I should make clear that all of these computations, except the last, are quite cavalier about rounding errors introduced by summing the values of the PDF at a large number of points. To deal with that concern, you’d want to use a loop to find indices for the exact bounds used in the third snippet of code, since this reduces the number of additions from n to 2.

It’s nice to see your talk yesterday on Julia Language. I just found this website. One key important fact about the binomial distribution pdf is that for fixed n and p, it is monotonically increasing between [0,m], and is also monotonically decreasing between [m,n], where m is the median and con be computed with floor((n+1)*p)-1 or floor((n+1)*p)in R’s notation.

I’m not sure if julia has implemented the C++’s lower_bound and upper_bound functions that used bisection method to find the index for a sorted container, which can be a sorted array or a function that is monotonically increasing.
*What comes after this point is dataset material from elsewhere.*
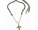 - Brass Baroque Scroll Style Cross on Crystal and Black Leather Tie Necklace
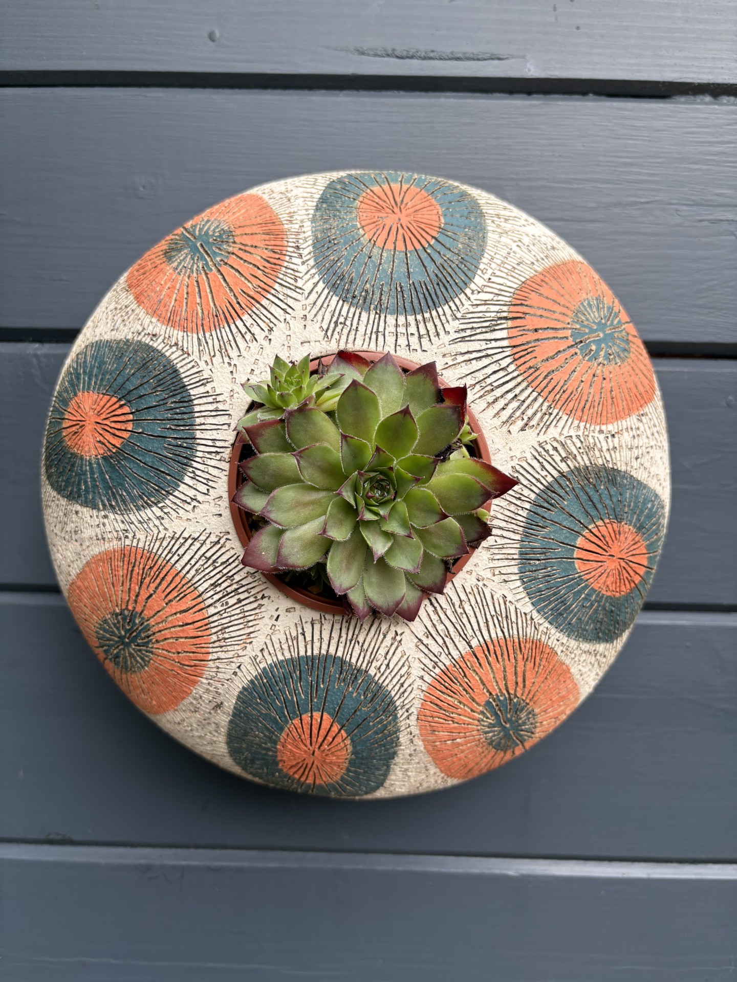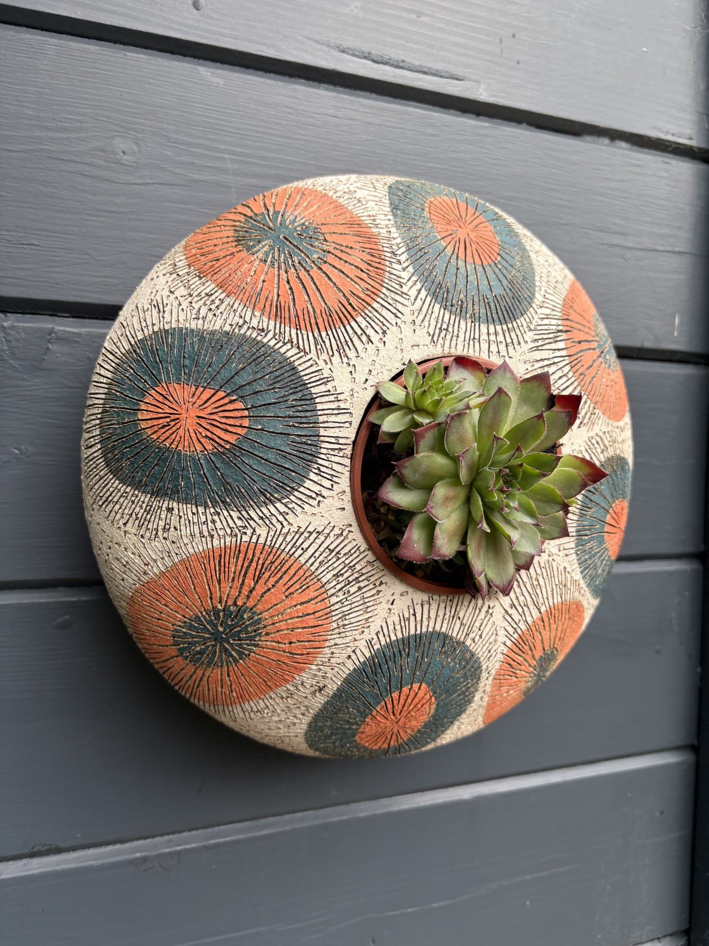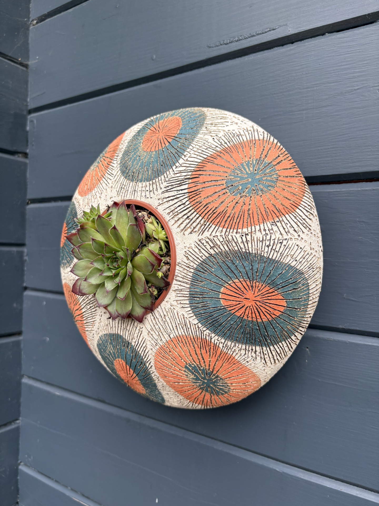 SGV287 -Round Pod – Coral reef – 28cm diameter Drainage holes for planting Keyhole for wall mounting

If we applied the lower_bound or (upper_bound) to the function dbinom (or -dbinom) on the two intervals, the p-value’s computation requires the computation of dbinom not on the n+1 points but on no more than (log2(np)+log2(n*(1-p))) points.

Of course, after you found the two bounds, you need to evaluate the cdf at the two boundaries as you did it here.

I used to do this in C++. When I get more familiar with Julia, I could implement it in Julia.

Thanks, Yongchen! I’ll try that out and compare it with the solution I came upon, which was to test the proposed bounds explicitly for validity and then do the horribly long-drawn out computations when they were invalid. This should help in the latter case.

In my previous response, median should be read as mode. The formula given is for the mode, not for the median.